The new mobile device, targeting consumers and small businesses, offers Internet telephony services from TelTel.
Retail shelves will soon see a new class of Wi-Fi mobile devices sold alongside cell phones and PDAs that work on carriers' cellular networks.
D-Link Systems Inc., a data networking hardware provider, today rolled out a Wi-Fi phone that will allow people to make free calls anywhere in the world where there's open Wi-Fi access. D-Link claims it's the first pocket-sized Wi-Fi phone that will ship with a full-featured softphone--a software-based phone for VoIP calling--from Internet telephony services provider TelTel.
Using the D-Link Wi-Fi phone, TelTel customers will be able to call each other for free, or non-TelTel customers for a fee.
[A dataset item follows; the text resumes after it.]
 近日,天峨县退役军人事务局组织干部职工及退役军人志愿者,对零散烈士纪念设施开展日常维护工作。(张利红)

Calls will be made over the Public Session Initiation Protocol Telephone Network, allowing for integrated voice and data applications.
Users will get most of the same IP telephony services on their Wi-Fi phones as the PC version of TelTel's softphone, including buddy list synchronization, which lets users see if their contacts are available to take calls.
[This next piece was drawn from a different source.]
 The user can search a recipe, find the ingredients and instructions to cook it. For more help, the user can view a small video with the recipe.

The D-Link phone is intended for both consumers and small businesses. It's designed to give people the freedom to use VoIP services when they're away from their PCs and is a cheaper alternative to traditional landline and cellular services, according to Jack Chang, TelTel's chief operating officer.
D-Link is showcasing the phone at this week's Spring VON conference in San Jose. It should be available at retailers like Circuit City and Best Buy this summer for less than $300.